We also suggest you take advantage of the Timeneye resources available on our Help Center and Guides.

What roles are fundamental for the success of the pilot?

Role

Responsibilities

Department

Executive sponsor

Communicate the high-level vision. Connect Timeneye implementation to the core mission and priority initiatives at the company.

Executive Leadership

IT Specialist

Oversee the entire Timeneye launch execution and rollout process. Take care of all technical aspects of implementation, including integrations.

IT

Department Leads

Identify how specific departments will use Timeneye for the different user scenarios and encourage engagement.

Any department (management)

Early adopters

Help evangelize Teams, support skill building, and provide useful insights.

Multiple departments

Assess your department leaders

List the core business leaders in your organization. For everyone, ask the following questions:

  • Is this leader friendly to new technology?
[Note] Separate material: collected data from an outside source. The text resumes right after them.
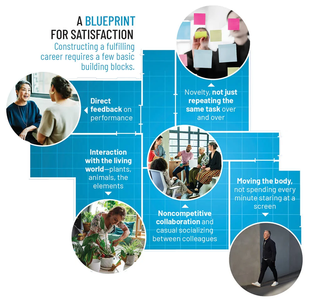 The key building blocks for Hutchison are moving his body (ideally outside and with music playing), having close relationships with those he works with, and getting direct feedback on his efforts. Every step of construction impacts the next. If the framing is not level, plumb, and flush, it’s going to make installing the doors a lot more difficult. And it doesn’t take a committee to evaluate whether a door is hung well. Either it latches easily—or it doesn’t. Matthew Crawford, a fellow at the University of Virginia Institute for Advanced Studies in Culture and author of Shop Class as Soulcraft: An Inquiry into the Value of Work, says it’s not so much whether workers are using their hands but whether they get to use ingenuity.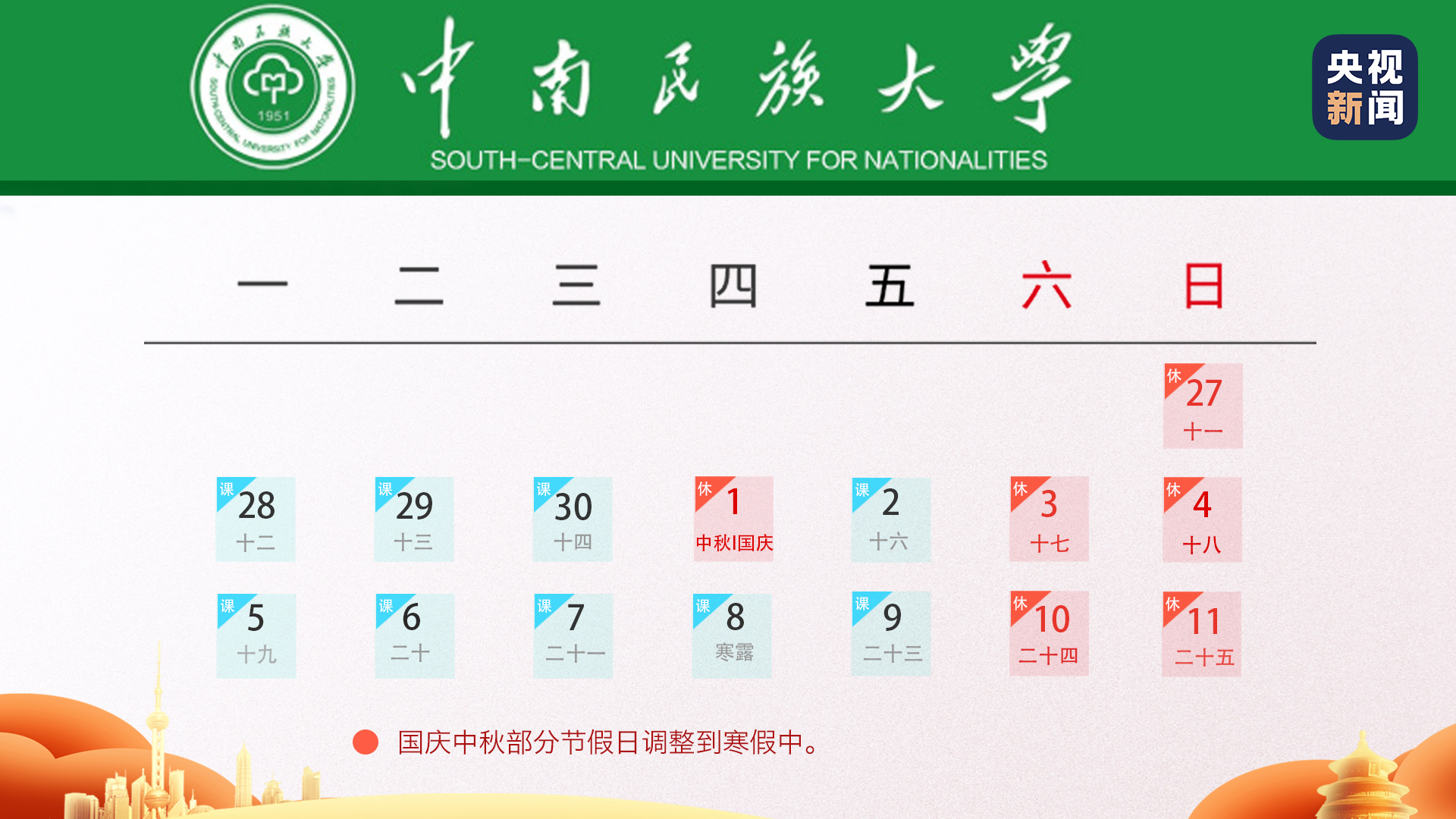 已公布假期安排的高校中,基本都安排了補課或上課,放假都不足8天 ↓??↓??↓?
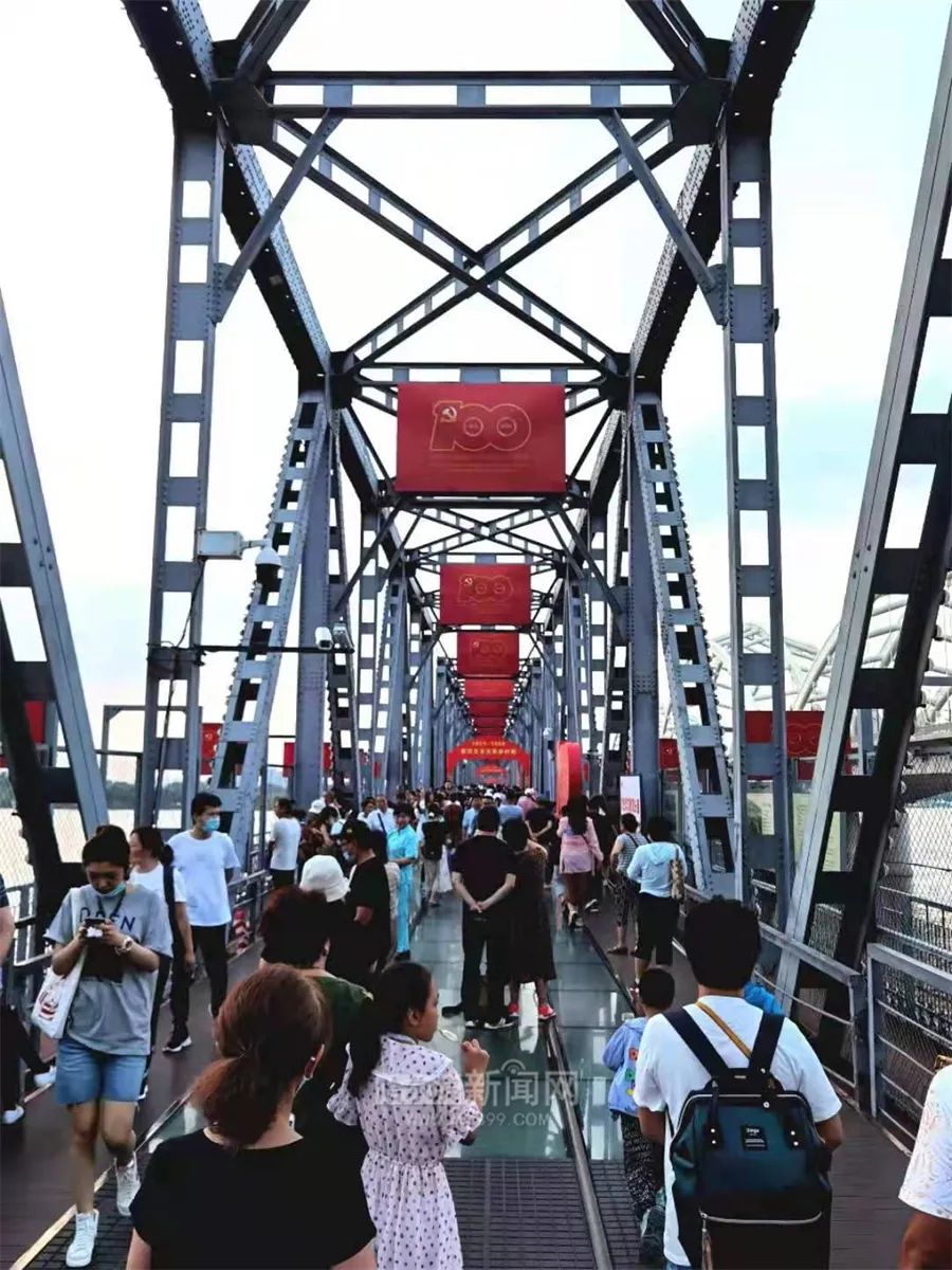 祝福声声,回荡在百年滨洲铁路桥上;红旗猎猎,传递冰城人对党的最美祝愿。在举国上下庆祝中国共产党成立100周年的喜庆时刻,在北国冰城哈尔滨,一座承载了历史与时尚的“老江桥”变身“祝福桥”,在众多央媒的关注下一度成为各大网络社交平台的宠儿。

  • Will this leader's business benefit from a better time management tool?

  • Does this leader have a positive relationship with key members of the existing project team?

  • Does this leader like to be viewed as an "agent of change" within the organization?
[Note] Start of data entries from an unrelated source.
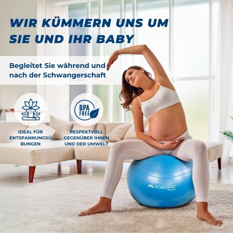 GEBURTSBALL : Ebenso wird er derzeit häufig als Geburtsball in allen Phasen der Mutterschaft verwendet . Es kann vor der Geburt verwendet werden, um Beweglichkeitsübungen im Becken durchzuführen, während der Geburt, um eine Haltung beizubehalten, die es Ihnen ermöglicht, Ihre Beine auf die richtige Art und Weise zu beugen, um den Kanal zu öffnen, ohne die Gelenke zu überlasten, und in der Zeit nach der Geburt zur Erholung und Erholung wieder in Form.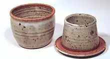 In the 1970s and 1980s, craft potters began producing and marketing the French butter dish throughout the United States at craft fairs and in art boutiques.[1] "French butter dish" became the preferred name in the US around that time, and was later adopted by potters in Europe.[3] By the end of the 20th century, French butter dishes became popular enough for manufactured versions to appear.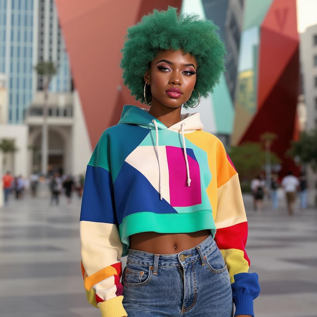 Modernist Constructivist Fashion full body photo of a 24-year-old Anuak-Sinhalese female exuding boho chic beauty with a thoughtful expression and fragmented features. Her medium-tan skin has an olive undertone, radiantly bronzed by regular sun exposure with skin pores and texture sharply in focus. Her soft, pale green eyes have scalloped edges, emphasized by long, elegant lashes. Her haircut is a geometric afro with angular precision, dyed Revolutionary Green. Retro arch-shaped eyebrows complement her delicately featured face. She has strong, rounded shoulders for a commanding silhouette, larger bust, and toned abs. She wears a cropped hoodie with bold graphic panels and midriff reveal, paired with slim-fit jeans featuring geometric color-blocking. She is positioned with a fragmented body rotation reflecting Cubo-Futurism, aligned on the left side using the rule of thirds. The backdrop features a civic plaza with soaring geometric buildings. The atmosphere is illuminated by geometric high-contrast color patterns while the model is gently illuminated with soft natural light reminiscent of Sergei Senkin's style.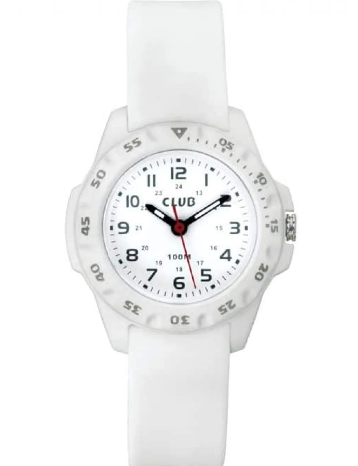 Skive: Hvid urskive med sorte tal som indeks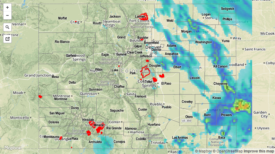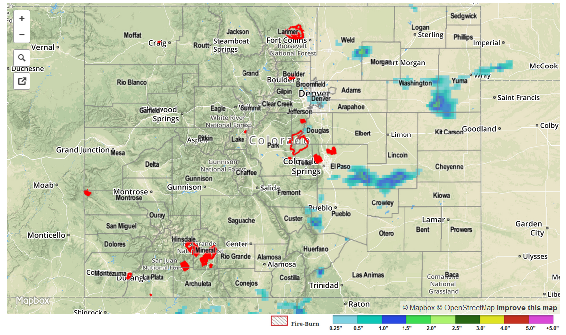An Areal Flood Advisory was issued for Teller and portions of Fremont County during the evening as a relatively slow moving thunderstorm drifted across the area. There were no flash flood reports in the area, however, and no other flash flooding was reported yesterday. As far as severe storm reports are concerned, the only report came in from Custer County; 1 inch hail fell in Rosita around 6 PM.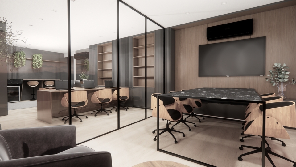 Escritório contemporâneo com layout integrado e atmosfera elegante. O projeto valoriza a iluminação natural e a vista externa, combinando madeira, preto fosco e vidro para transmitir sofisticação e funcionalidade. O mobiliário de linhas retas e tons neutros, aliado a elementos verdes pontuais, reforça a sensação de equilíbrio e bem-estar no ambiente corporativo.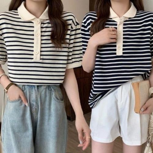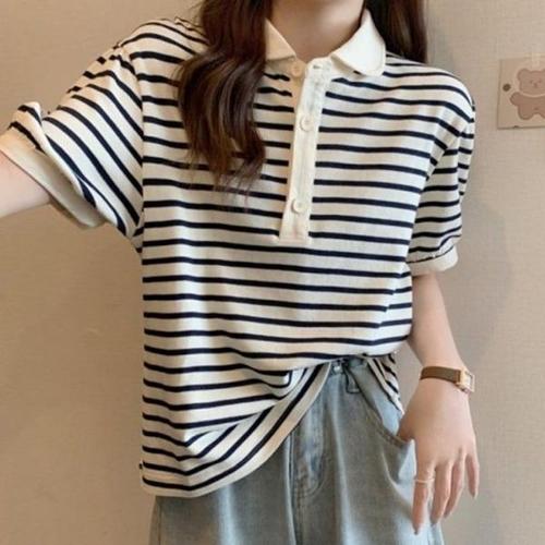 여성 스트라이프 브이넥 데일리 줄무늬 반팔 티셔츠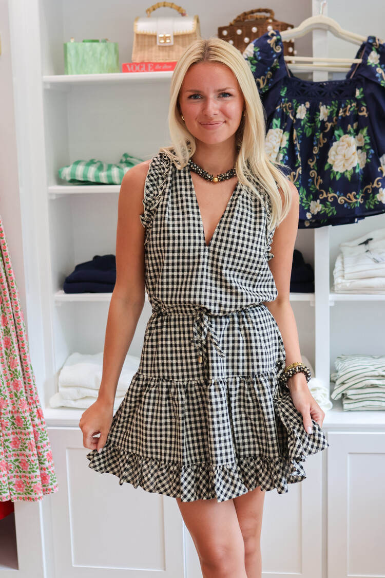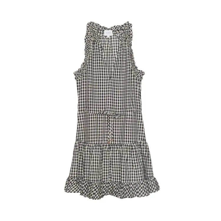 • Feminine and playful, this gingham mini dress features a cinched drawstring waist with gold-tipped ties that allows for adjustability. The sleeveless silhouette is balanced by a flirty skirt and a ruffle-trimmed collar that adds a hint of vintage charm.

You can add additional questions that are relevant to your organization. For your initial two phases (Start and Experiment), you'll see leaders who are friendly to change, somewhat dissatisfied with current technology, and that you have a good relationship. These leaders should be brought into the core project team as business advisors and may have projects that will be essential for your experimentation phase. It is important to select impactful, real-world situations to experiment with and avoid high-risk projects for your initial experiments.

Identify early adopters

Early adopters share certain traits no matter what size or industry your organization may be in. Typically, early adopters share these traits:

  • Interested in technology

  • Willing to be a part of the change

  • Seeking to make improvements

  • Collaborative by nature

  • Willing to share their observations and learnings with the group

  • Are risk takers: they're willing to try something to see if it works

Depending on the size and complexity of your organization, you may choose to enable some or all of these individuals for your experimentation phase. In this program, they are agreeing to actively participate in your experimentation phase and provide regular feedback to the project team. Let them know that by giving this active feedback, they are helping to craft the outcome of your project. You will use this list of people in the Phase 2 - experiment.

Organize a meeting

Organize a meeting with all the stakeholders, both managers and end-users, to get them excited about Timeneye and ask who would be interested in being part of the pilot team. These people will be the first to test Timeneye and, in the next future, train their peers.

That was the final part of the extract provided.